Мужчина откачнулся назад и привалился плечом к стене, пропуская меня. В коридоре стоял затхлый запах никогда не проветриваемого, запущенного жилья, запах хлева. Из комнаты нетвердым шагом вышла какая-то толстушка, застегивая замусоленный и порванный халат. Она недовольно взглянула на меня, кого это, мол, принесло, и, не смущаясь, продолжала одной рукой застегивать халат, а другой пыталась хоть чуть-чуть привести в порядок растрепанные волосы. Пуговица посреди халата не застегивалась. Полы его разъезжались, и видны были штопаные панталоны неопределенного цвета. Толстуха хрипло спросила:

— Вам кого?

Это была Аннушка.

Однажды в Москве — я приехал на сессию во ВГИК — случайно встретил девушку из нашей деревни. В юности я долго и безуспешно ухаживал за ней. Теперь она работала в Москве. Всплыло былое. Зашевелилось незавершенное чувство, пробудилось, стало заполнять меня с каждым днем, пока не затопило. Я был по-прежнему мечтательным и сентиментальным. Через несколько месяцев мы поженились. Поженились легкомысленно, не представляя трудностей, которые ожидают мужа и жену, живущих по общежитиям в разных городах. Я в то время жил в Харькове. Там увидел напечатанными свои первые вещи, увидел наконец книгу, на обложке которой стояло мое имя. Читал о ней отзывы, слышал свои рассказы по радио и телевидению. Но я уже начинал чувствовать, что в Харькове подняться высоко в моем деле мне будет трудно, а я не представлял свою жизнь без литературы. В семнадцать лет я повторил за кем-то, убей сейчас — не вспомню за кем, что «жизнь — это литература, а все остальное лишь материал для нее», и решил строить свою жизнь, имея в виду эту мысль. Но Харьков украинский город. Печать там в основном на национальном языке, и я, бродячий тамбовский волк, понимал, как ни хорошо в Харькове, городе юности моей, городе моих первых успехов, рано или поздно придется прощаться с ним. Мне нужна была Москва! Я всегда считал и считаю сейчас, что родиться в Москве все равно, что в былые времена родиться в семье князя. Быть избранным. Я думал, что только в Москве смогу завершить образование, что только в Москве смогу приобрести недостающую мне культуру, что только в Москве смогу совершенствоваться в литературе, что без Москвы не достичь мне того, к чему я стремился. К тому же в Харькове нет киностудии, а я учился во ВГИКе. Мне нужна была Москва, а жене моей Харьков был не нужен…

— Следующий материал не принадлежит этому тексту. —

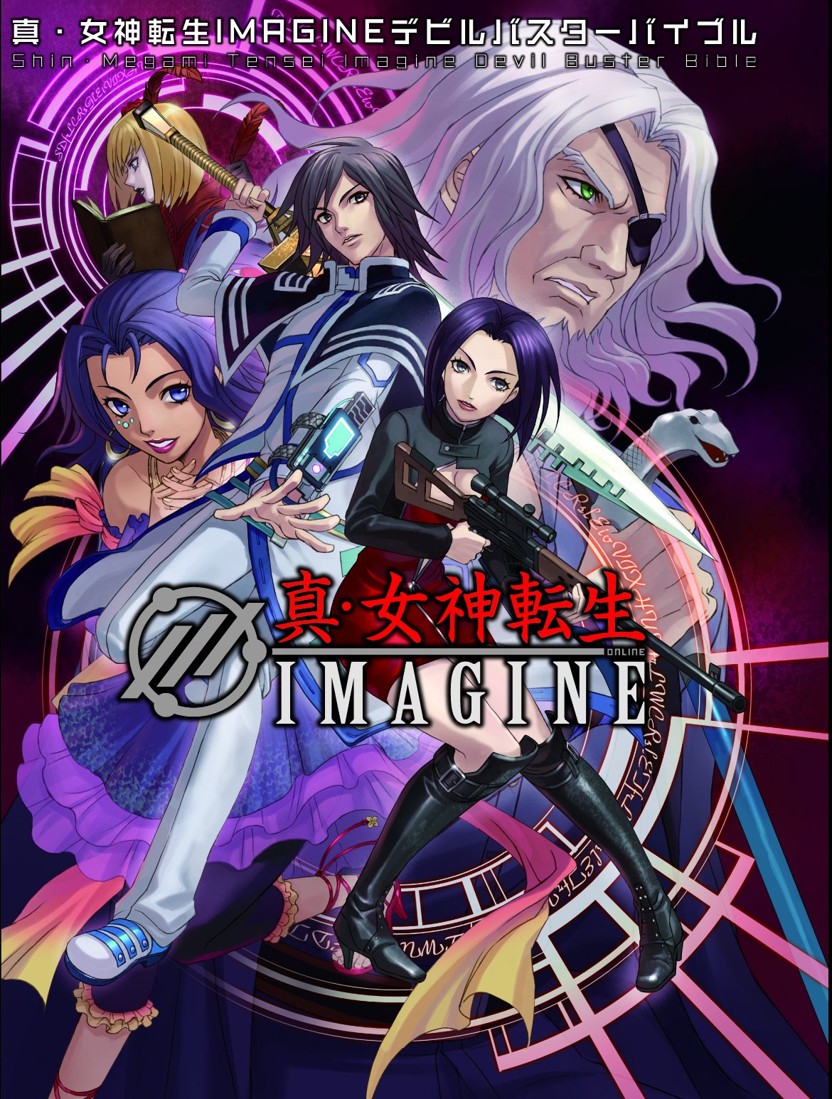 2boys 3girls artist_request beard black_hair blonde_hair blue_eyes blue_hair book boots breasts chizuru_(megami_tensei) cleavage comp_(megami_tensei) copyright_name dress earrings eyepatch facial_hair fangs feathers fei_(megami_tensei) female_protagonist_(shin_megami_tensei_imagine) frown green_eyes gun high_heel_boots high_heels highres holding holding_book holding_gun holding_sword holding_weapon jewelry knee_boots male_protagonist_(shin_megami_tensei_imagine) multiple_boys multiple_girls necklace official_art purple_hair quill red_feathers rifle shin_megami_tensei shin_megami_tensei_imagine smile snake snakeman_(megami_tensei) sniper_rifle sword third-party_source weapon white_hair

Москва готовилась к Олимпиаде, и рабочих рук не хватало. У меня были руки и несколько рабочих специальностей. Первый институт я закончил заочно, в трудовой книжке не отмечал и продолжал работать плотником, потому что только рабочих прописывали в городах и давали койку в общежитии. Учеба во ВГИКе тоже не фиксировалась в документах. Только из военного билета можно было узнать, что у меня высшее образование.

И вот я с путевкой харьковского комсомола стою в отделе кадров строительного управления. Мои документы стопкой лежат перед кадровиком. Сверху я пристроил трудовую книжку, надеясь, что он начнет осмотр с нее и придет в восторг от моих специальностей и разрядов. Но кадровик вытянул снизу военный билет, открыл, где значилось, что я женат и имею высшее образование, молча вернул документы вместе с комсомольской путевкой и указал на дверь. Мне нужна была Москва, но я ей был не нужен.

В одной высокой организации пошли мне навстречу — вручили путевку в Сибирь. Москва оставила у себя мою жену, а меня вышвырнула в тайгу на строительство железной дороги Сургут-Уренгой. Я стал монтером пути.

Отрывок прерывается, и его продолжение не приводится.